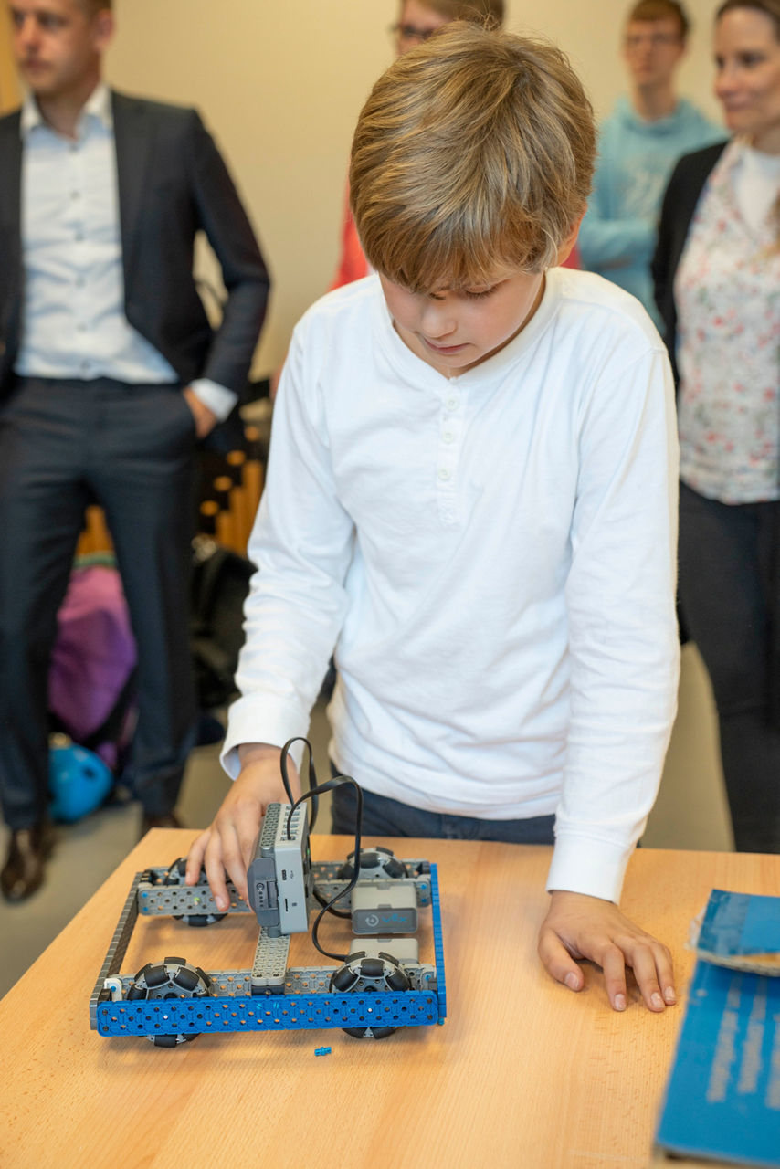 Neben der digitalen Transformation befinden sich die Schulen auch in der Bildungstransformation. Deshalb setzt die Grund- und Gemeinschaftsschule an der Bek auch auf „VR-DIGICATION", um ihre Schülerinnen und Schüler früh mit den neuen Materialen vertraut zu machen und ihnen ein forschendes Lernen zu ermöglichen. Das moderne Lernmaterial des Portfolios umfasst Themen wie Elektrotechnik, Programmierung, Sensorik, Robotik und Nachhaltigkeit. Mit „VR-DIGICATION" möchte die VR Bank in Holstein die Schulen nach ihrem individuellen Stand und Bedarf mit hochwertigen MINT-Lernmaterialien ausstatten, um Begeisterung zu wecken und Hürden abzubauen. Fachlehrkräfte haben oft kaum Möglichkeiten, praktische Projektumsetzungen anzubieten und sind teilweise gezwungen, Lernmaterialien eigenständig zur Schule zu bringen. Doch ganz neu ist das MINT-Thema der Schule in Halstenbek nun nicht, die seit 2024 schon den Titel „MINT-freundliche Schule“ trägt. Einigen Schülerinnen und Schülern sind insbesondere mit dem Thema Robotik vertraut: seit Jahren nimmt die Schule erfolgreich bei den Robotik-Wettbewerben teil. Es kommt vor, dass sie sich sogar für die Weltmeisterschaften in den USA qualifizieren. Der Fachlehrer für Sport und Spanisch – Mathias Schuldt betreut den Robotikbereich. „Ich bin da seinerzeit so reingerutscht und habe mich reingefuchst und es macht eine Menge Spaß mitzuerleben, wie begeistert die Kids mit dem Material arbeiten und sich in der Robotik-AG beteiligen.“
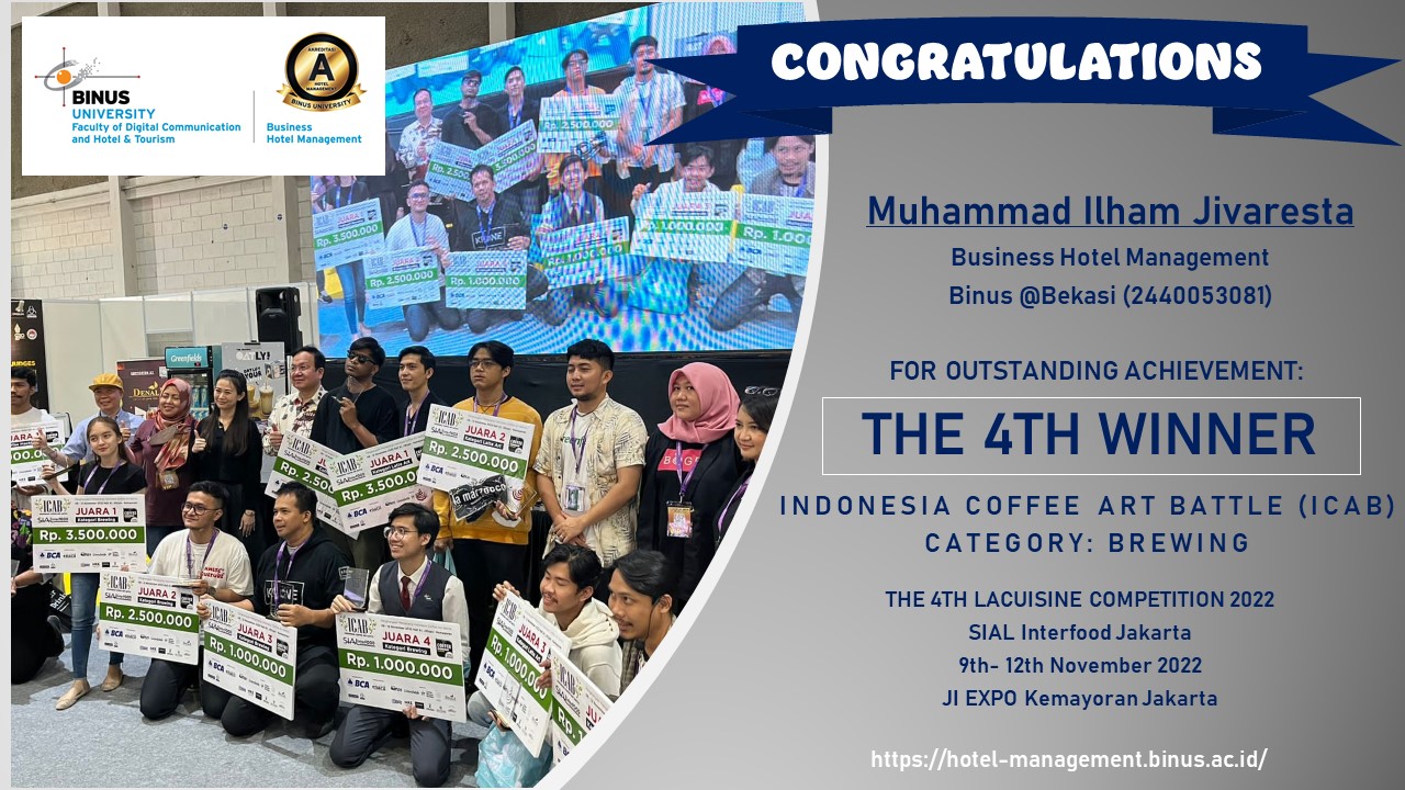 Mahasiswa Business Hotel Management BINUS@Bekasi Muhammad Ilham Jivaresta (2440053081) berhasil meraih JUARA 4 pada Kategori BREWING di ajang INDONESIA COFFEE ART BATTLE (ICAB) 2022 yang menjadi bagian dalam SIAL InterFOOD 2022 yang berlangsung di JI Expo Kemayoran pada 9- 12 November 2022.
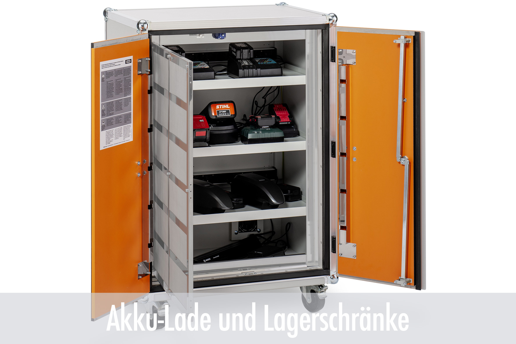 Lithium-Batterien müssen immer gut geschützt werden. Wir sorgen mit einem Rundum-Angebot für Sicherheit. Weitere Produkte, wie Brandschutzcontainer mit Feuerwiderstandsfähigkeit von 90 Min., auf Anfrage.
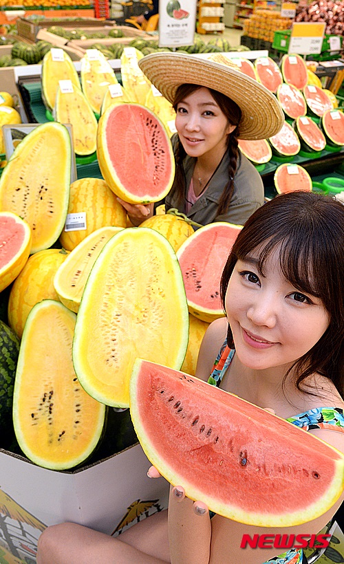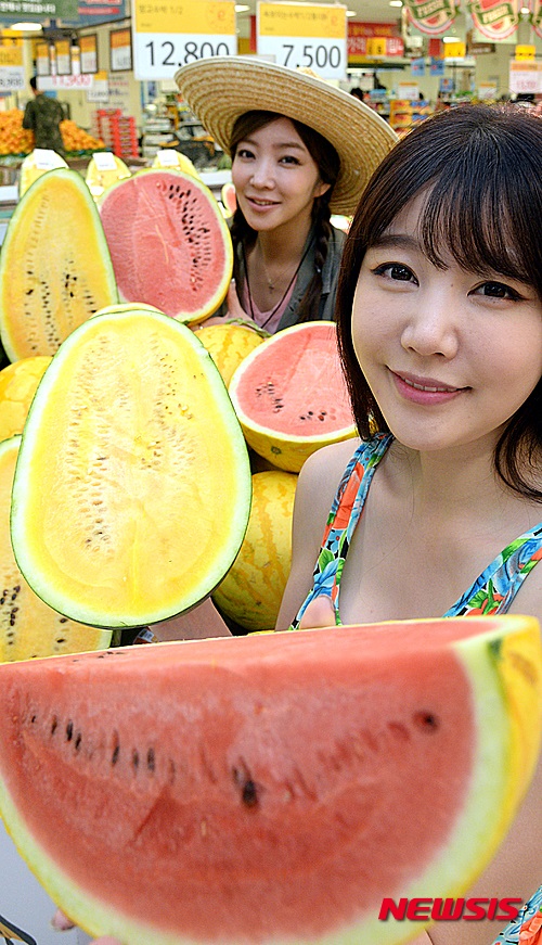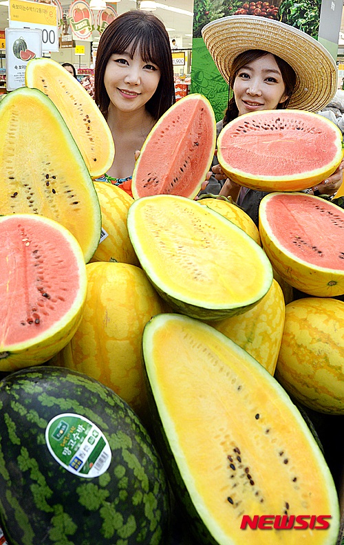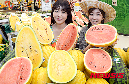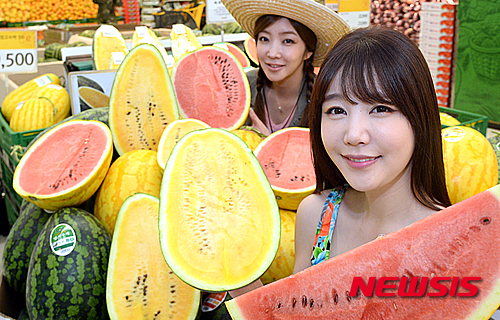 ソウル市内の大手スーパー「イーマート」竜山店で18日午前、慶尚南道咸安郡産の一風変わったスイカが店頭に並んだ。
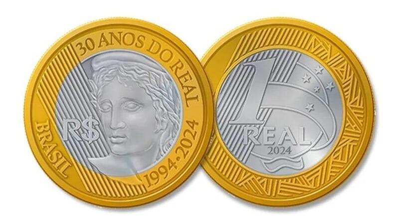 O Banco Central (BC) lançou a moeda de 1 real em comemoração ao trigésimo aniversário do Real. Ao todo, 45 milhões de moedas alusivas à data serão distribuídas por meio da rede bancária.
•••
| EXERCISE BRIEF |
Each record should be given again exactly, with no picture carried over.

| ANSWER BOX |
 Neben der digitalen Transformation befinden sich die Schulen auch in der Bildungstransformation. Deshalb setzt die Grund- und Gemeinschaftsschule an der Bek auch auf „VR-DIGICATION", um ihre Schülerinnen und Schüler früh mit den neuen Materialen vertraut zu machen und ihnen ein forschendes Lernen zu ermöglichen. Das moderne Lernmaterial des Portfolios umfasst Themen wie Elektrotechnik, Programmierung, Sensorik, Robotik und Nachhaltigkeit. Mit „VR-DIGICATION" möchte die VR Bank in Holstein die Schulen nach ihrem individuellen Stand und Bedarf mit hochwertigen MINT-Lernmaterialien ausstatten, um Begeisterung zu wecken und Hürden abzubauen. Fachlehrkräfte haben oft kaum Möglichkeiten, praktische Projektumsetzungen anzubieten und sind teilweise gezwungen, Lernmaterialien eigenständig zur Schule zu bringen. Doch ganz neu ist das MINT-Thema der Schule in Halstenbek nun nicht, die seit 2024 schon den Titel „MINT-freundliche Schule“ trägt. Einigen Schülerinnen und Schülern sind insbesondere mit dem Thema Robotik vertraut: seit Jahren nimmt die Schule erfolgreich bei den Robotik-Wettbewerben teil. Es kommt vor, dass sie sich sogar für die Weltmeisterschaften in den USA qualifizieren. Der Fachlehrer für Sport und Spanisch – Mathias Schuldt betreut den Robotikbereich. „Ich bin da seinerzeit so reingerutscht und habe mich reingefuchst und es macht eine Menge Spaß mitzuerleben, wie begeistert die Kids mit dem Material arbeiten und sich in der Robotik-AG beteiligen.“
 Mahasiswa Business Hotel Management BINUS@Bekasi Muhammad Ilham Jivaresta (2440053081) berhasil meraih JUARA 4 pada Kategori BREWING di ajang INDONESIA COFFEE ART BATTLE (ICAB) 2022 yang menjadi bagian dalam SIAL InterFOOD 2022 yang berlangsung di JI Expo Kemayoran pada 9- 12 November 2022.
 Lithium-Batterien müssen immer gut geschützt werden. Wir sorgen mit einem Rundum-Angebot für Sicherheit. Weitere Produkte, wie Brandschutzcontainer mit Feuerwiderstandsfähigkeit von 90 Min., auf Anfrage.
 ソウル市内の大手スーパー「イーマート」竜山店で18日午前、慶尚南道咸安郡産の一風変わったスイカが店頭に並んだ。
 O Banco Central (BC) lançou a moeda de 1 real em comemoração ao trigésimo aniversário do Real. Ao todo, 45 milhões de moedas alusivas à data serão distribuídas por meio da rede bancária.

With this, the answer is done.